Human epidermal growth factor receptor (EGFR) and erbB-2 are subclass I receptor tyrosine kinases that have been linked with a number of cancers, thereby making inhibitors of these proteins attractive targets for drug development. Several signaling cascades are associated with EGFR, which plays a role in mitogenesis, apoptosis, cell migration, differentiation and angiogenesis, all important processes in tumorigenesis. EGFR and its ligands are overexpressed in a number of solid tumors, including pancreatic, lung, ovarian, renal, gastric, hepatic and breast cancer. ErbB-2 overexpression has been found in a wide variety of cancers, including breast, bladder, colorectal, gastric, ovarian, prostate, renal and uterine cancers.

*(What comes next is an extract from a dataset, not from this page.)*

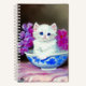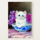 Notebook featuring a sweet white kitten! This fluffy cat poses in a blue bowl decorated with pink flowers. A wonderful gift for cat lovers and Victorian art enthusiasts!

Agents that target EGFR and erbB-2 are therefore under development or currently available for a number of cancer indications. One such agent is lapatinib, a potent and reversible dual EGFR and erbB-2 inhibitor that has shown promising pharmacological activity and pharmacokinetics. Lapatinib has been investigated as an anticancer monotherapy, as well as in combination with trastuzumab, capecitabine, letrozole, paclitaxel and FOLFIRI (irinotecan, 5-fluorouracil and leucovorin), in a number of clinical trials. It is currently in phase III testing for the oral treatment of metastatic breast, head and neck, lung, gastric, renal and bladder cancer. Additional trials of lapatinib in patients with brain, gallbladder, prostate, ovarian, endometrial and hepatobiliary cancers are also under way.